= Good–better–best =

Tiered pricing strategy

Good–better–best pricing, also known as Goldilocks pricing, is a tiered pricing strategy in which variations of a product or service are offered at multiple price levels. The approach typically presents three options, basic ("good"), mid-range ("better"), and premium ("best"), to influence consumer choice and increase overall revenue.

==Consumer behavior==

The "good" option is typically a basic, no frills product which has few features, but which is accessible to more buyers because of its low price. The "best" option is typically a premium product which has the most features and a high price, and which is sometimes considered a luxury good. Offering a middle, "better" option invokes the Goldilocks principle, in which consumers may reason that they can spend more money than the "good" option costs, but that they do not need the premium features of the "best" option.

Companies selling a particular good had traditionally relied on a demand curve to identify an ideal price. This created a Catch-22 in which a good with only one price would exclude buyers who would not pay the single price, and it would also sacrifice profits if a less price sensitive customer were able to pay more for a premium version. In addition, a lower-priced good can generate additional ancillary revenue for the seller through further revenue streams; for example, in 2018, an iPhone SE cost about one-third as much as Apple's flagship iPhone X did, but Apple could continue to sell content, services, and accessories to a buyer of the less expensive phone.

Good–better–best pricing takes advantage of consumers' anchoring bias; for example, when Williams-Sonoma sold a bread machine for $279, then introduced a premium bread machine for $429, the premium machine did not sell well, but the original model's sales almost doubled, because customers reasoned that the $279 model was a better value. In addition, the "best" option creates a halo effect, such as when Patrón's introduction of premium tequila caused its lower-priced tequilas to also increase in sales, due to improved customer sentiment about the brand.

==Examples==

Sears often used the good–better–best strategy in its mail-order catalog, for products such as Craftsman tools. In the 2000s, Sears and Kmart, which were owned by the same parent company, included celebrity brands like Martha Stewart Living and Ty Pennington Style in their good–better–best tiers. Similarly, in 2009, J.C. Penney announced that it would include brands by Cindy Crawford and Chris Madden in its "better" tier, supporting American Living by Ralph Lauren in the "best" tier.

At bars, customers often have a choice between rail drinks with the bar's choice of inexpensive liquor, "call" drinks with the patron's choice of moderately-priced liquor, or "top shelf" drinks with a premium brand of liquor. At the point of purchase, a bartender may be able to upsell a customer from good to better, or from better to best, if the price differential is small and if the customer is in a good mood.

Consumer packaged goods companies, like Kraft Foods, have attempted to improve sales by adopting good–better–best strategies to broaden their appeal with basic and premium products targeting the low- and high-income consumer.

Economy class air travel, long considered a single class of service, has been diversified into basic economy class, economy class, and premium economy class. Airlines have found that over 50% of consumers who start at a lower price end up upgrading to a higher price.

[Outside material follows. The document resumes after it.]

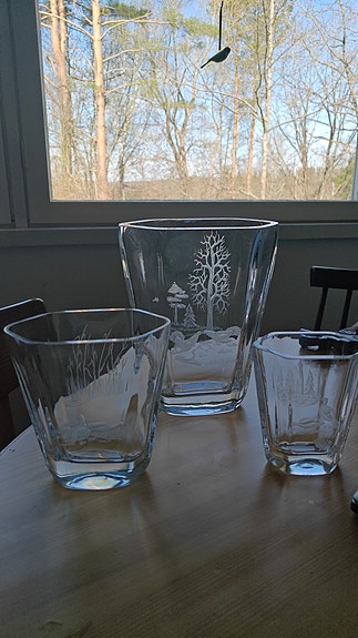 3kpl signeerattu lasimaljakko "von Wright Tony Racov".

Some companies have quietly increased consumer prices by lowering prices on basic models while simultaneously introducing new, premium models at higher prices. For example, Peloton Interactive lowered the price of its basic stationary bicycle from $2,245 to $1,895, and also introduced a new premium bike for $2,495. One jewelry sales consultant advised retailers introducing good–better–best pricing to set their "better" price about 10% higher than a product's average sales price, with "good" prices about 25% lower, and "best" prices no more than 50% higher.

==Risks==

A common pitfall of good–better–best is cannibalization, where customers who could afford the "better" option instead opt for the "good" option to save money. Marketers discourage customers from downgrading by implementing "fence attributes," such as by making "good" hotel rates non-refundable, or by making the least expensive concert tickets general admission, with no assigned seats.

Some sales professionals discourage a good–better–best strategy for being non-specific and non-targeted to a particular customer, instead recommending that salespeople select and offer one pricing tier based on the customer's needs. Customers may be annoyed by price partitioning, especially when the "good" offering appears to be inexpensive, but then includes many fees and limitations, as happens with the basic airfares of low-cost carriers. This risks creating resentful customers who do not return.